Exploring Chaos Theory: Studying a Parameter to Uncover Its Behavior

[mlopes]

First of all, my sincere wishes of an Happy Christmas, full of joy, happiness and such feelings that make our life worthfull!

I'm studying and researching about Chaos Theory, and currently I'm examining the following iterative equation:

Xn+1 = c*(Xn-(Xn^3)/3)

I've already managed to give an approximation to which c values does the function get in chaos. But to have further details on this problem, i do have to study the equation for each different value of c parameter!

Which is the best way, analitically and graphically, to study and return the "exact" values of c that make the equation: converge, oscilate between to values or enter chaos?

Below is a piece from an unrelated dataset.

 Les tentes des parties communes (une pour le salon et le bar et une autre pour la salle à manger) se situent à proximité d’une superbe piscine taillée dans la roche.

Best Regards and Merry Christmas! :-)

 

[TillEulenspiegel]

I can't give you an absolute definition and limits of c , but the idea is that set c between upper and lower limits and the iteration will meander. I first saw this in Scientific American in the early 80's ( Mandlebrot sets and attractors ) and Lucas Arts developed a game " rescue on fractlius" for the commodore 64 that generated fractal geometry on the fly ... God That was such fun > I tried to develop weighted color maps of the expression of the algorithm's output but failed, it was fun tho for a kid = ).. There are some great math people here maybe they can help, there are also C and C++ routines that are available off the web where you can skip iterations and see the results quicker and are displayed in graphics. The upper and lower limits are easy to establish this way ( and will surly be faster on say a pent 4 @ 2 Ghz than a 6502 at 1 Mhz )

 

[mlopes]

Hi thanks for your kind reply! :-)

Actually, processing power isn't a problem at all. I suppose that it is impossible to calculate with full accuracy the correct values for the c parameter, but with 4/5 decimal places would be a great approach.
The problem is how to calculate the c value.. is there a program already made to do this? Which is the best way analitically to do it?

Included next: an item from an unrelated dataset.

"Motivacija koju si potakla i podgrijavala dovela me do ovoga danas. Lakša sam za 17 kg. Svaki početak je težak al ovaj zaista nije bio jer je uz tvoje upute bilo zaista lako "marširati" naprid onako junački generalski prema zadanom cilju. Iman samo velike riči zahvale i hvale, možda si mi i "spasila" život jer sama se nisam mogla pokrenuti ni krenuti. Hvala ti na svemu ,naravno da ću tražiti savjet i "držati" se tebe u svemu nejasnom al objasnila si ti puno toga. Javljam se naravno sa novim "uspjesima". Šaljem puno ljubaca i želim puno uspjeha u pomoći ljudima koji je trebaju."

Best Regards and Wishes of a great 2004! :-)

 

[dhris]

Well, I would be inclined to just run the equation in Mathematica or Matlab (or even in Excel for that matter) and look at the behaviour that way. Then keep adjusting c until you find the boundary. You can easily find the attractor set analytically though by setting
$$x_{n+1}=x_n$$

dhris

 

[jamp46]

Originally posted by mlopes
First of all, my sincere wishes of an Happy Christmas, full of joy, happiness and such feelings that make our life worthfull!

I'm studying and researching about Chaos Theory, and currently I'm examining the following iterative equation:

Xn+1 = c*(Xn-(Xn^3)/3)

I've already managed to give an approximation to which c values does the function get in chaos. But to have further details on this problem, i do have to study the equation for each different value of c parameter!

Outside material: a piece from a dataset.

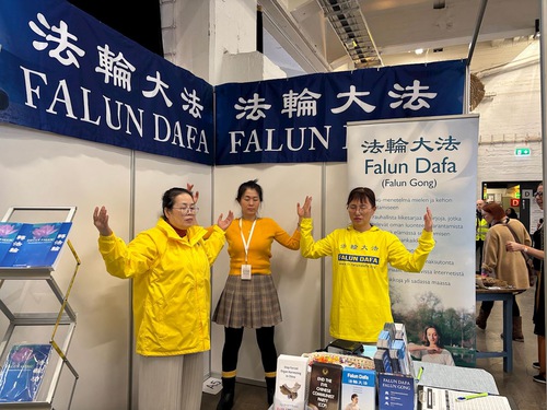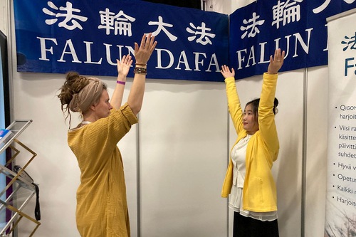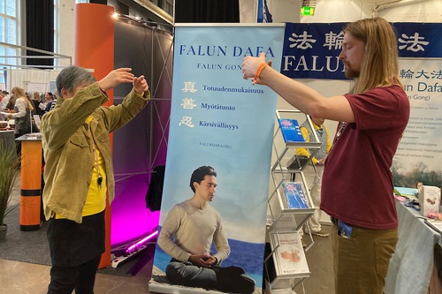 The hosting organization arranged a one-hour session for the Finnish Falun Dafa Association, and over 10 people learned the exercises. A staff member in charge of registration at the entrance was one of them. Afterwards, he said he felt energy flowing in his arms and upper body.
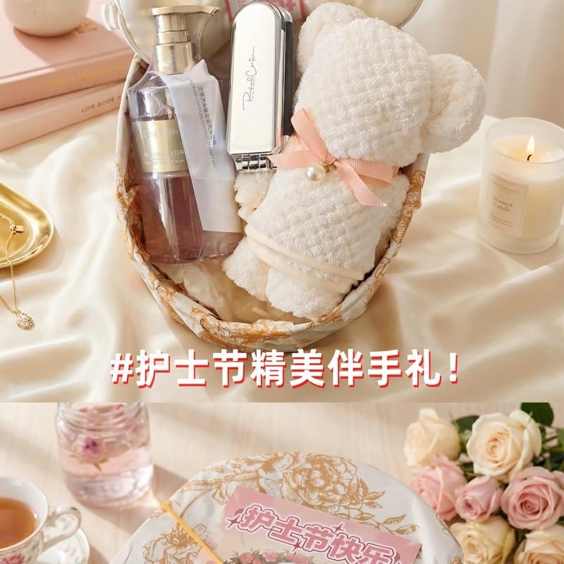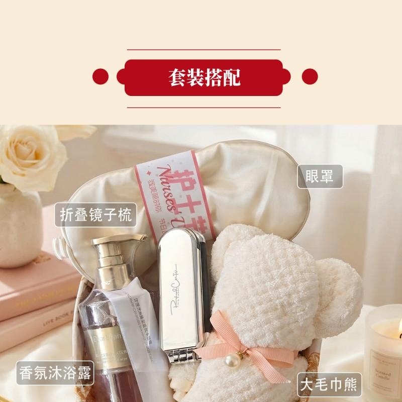 组合:眼罩*1、镜子气囊头梳*1、独特艾琳香氛沐浴露250ML*1、菠萝格纹理创意小熊毛巾75*34CM*1

Which is the best way, analitically and graphically, to study and return the "exact" values of c that make the equation: converge, oscilate between to values or enter chaos?

Best Regards and Merry Christmas! :-)

Please try thease little program
REM fiegenbaun tree
CLS
SCREEN 9
on error goto 100
COLOR , 7
WINDOW (-1, 0)-(3, 5)
FOR r = 0.005 TO 3 STEP .007
FOR i = 1 TO 200
x = .025
x = r * (x-x*x*x/3)
NEXT i

FOR j = 1 TO 200

x = r * (x-x*x*x/3)
PSET (x, r), 4

NEXT j
NEXT r
100 resume next

 

[jamp46]

Originally posted by mlopes
Hi thanks for your kind reply! :-)

Actually, processing power isn't a problem at all. I suppose that it is impossible to calculate with full accuracy the correct values for the c parameter, but with 4/5 decimal places would be a great approach.
The problem is how to calculate the c value.. is there a program already made to do this? Which is the best way analitically to do it?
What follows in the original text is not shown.